We grapple with our demons, our addictions, our own failings.
Next time you find yourself desiring some sparring, with whoever or whatever it is that you face, let me point you to a new wrestling partner.
Wrestle, instead, with God. Our creator is tough enough to handle whatever you’ve got.
And then let me point to you a great example of how to do it: model Jacob.
Get yourself trained up. Do it through the reading of scripture, prayer, fasting, and living into our world in God-honoring ways.
Take all your fears, your shame, your baggage, bring them with you. And then lay it all down, at the foot of the cross, before the match begins.
Clear your head, set some goals, and then grab hold of your Creator. Hold on tight, never letting go. Keep wrestling, grappling with God to resolve whatever it is you face.
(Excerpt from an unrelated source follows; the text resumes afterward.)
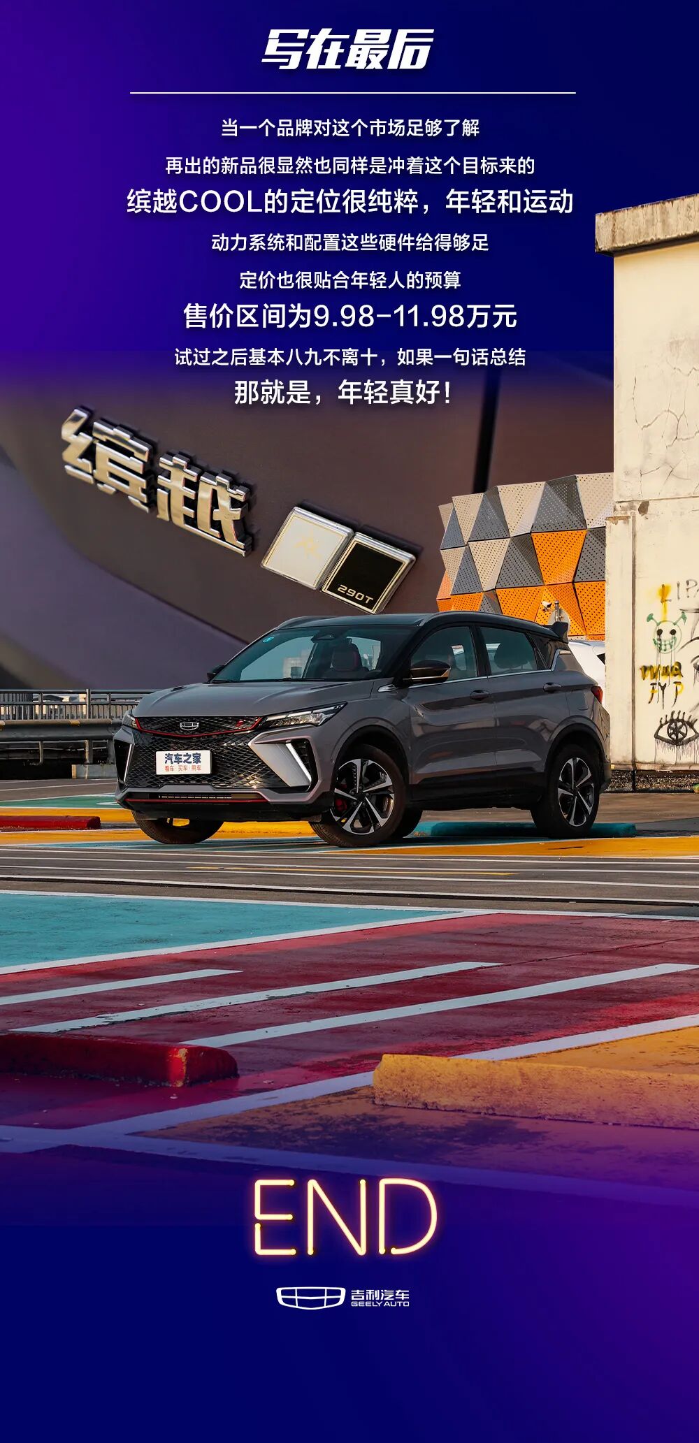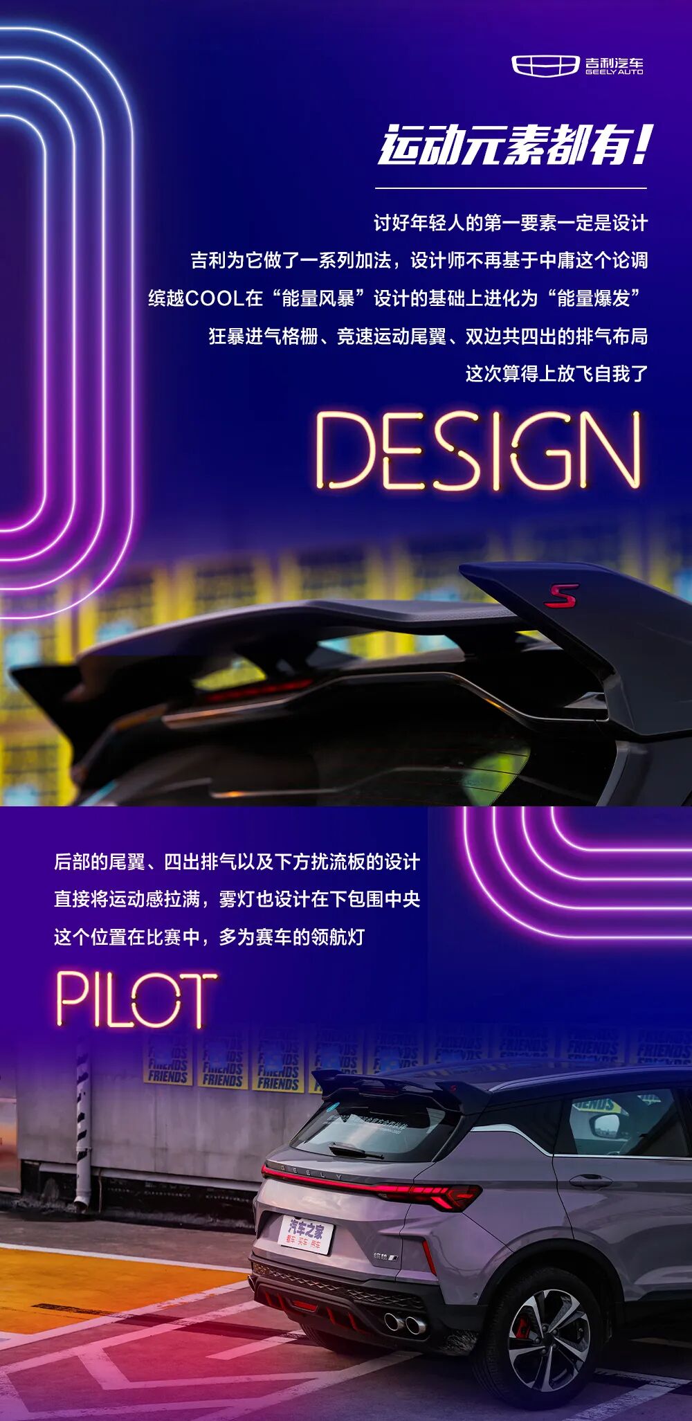 缤越COOL可以视为缤越的中期改款车型,前脸换装了全新的“狂暴进气格栅”,虽然延用上下分体的设计,但尺寸更大,视觉效果也更加夸张。另外,全新设计的大灯以及雾灯区域搭配红色饰条,使前脸看上去十分运动。新车整体轮廓变化不大,除了采用双色车身外,新车还配备全新造型的18英寸轮圈,内部刹车卡钳也采用红色涂装。另外,其还在反光镜外壳采用仿碳纤维装饰,小细节很用心。
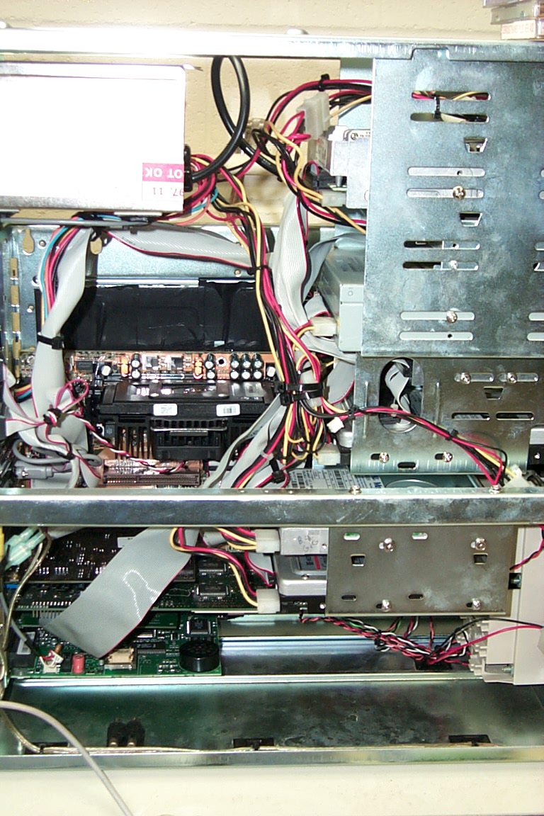 What's in it Well this is a Soyo SY-6BB mother board. It has 3 HD a Maxtor 30 gig 5400 rpm, a Maxtor 8.4 gig and a WD 6.4 gig both 5400 rpm. It has the better older ISA US Robotics 56K Modem. That modem screams for as far as modems go and almost always gets a 53,000 connection through AT&T. Did to other Net providers as well. It just works great. I have a PCI US Robotics in the home computer and it doesn't work nearly as well as this one. The 36x CD ROM shown here in in the junk yard now. That crappy thing broke in 4 months. It now has a nice generic 50x that works great. I forget who makes it. High Value or some shit like that. Well it has 128 megs of RAM, a now VooDoo 3000 card AGP which was also in the home computer till I got the VooDoo 5500 in it. It is like I said a Pentium 2 450. And believe it or not is a great computer. Off of Nortons Bench mark test it will pull in a 220 where the 600 at home will pull in a 330 so not bad. Nothing fancy about it. I only have a NEC 15XV 15 inch monitor with it. |

And remember, that you too have been given a new wrestling name. In the waters of your baptism you have been claimed as a beloved Child of God. You are one of God’s own. Carry that title with you where-ever you go. Never forget that.
For it is in the struggle, with God, where we finally let go of all else holding us back. It is in the struggle, with God, where we finally receive the forgiveness, and the peace we so often lack. And it is in the struggle, with God, and with God’s word, or simply shouting to the heavens in times of need, it is there where we find release from what binds us, what keeps us down. And it is in that moment, while holding onto God with everything we have, even if it hurts sometimes, it is there, where we finally receive the blessing we’ve been seeking all the while. Amen.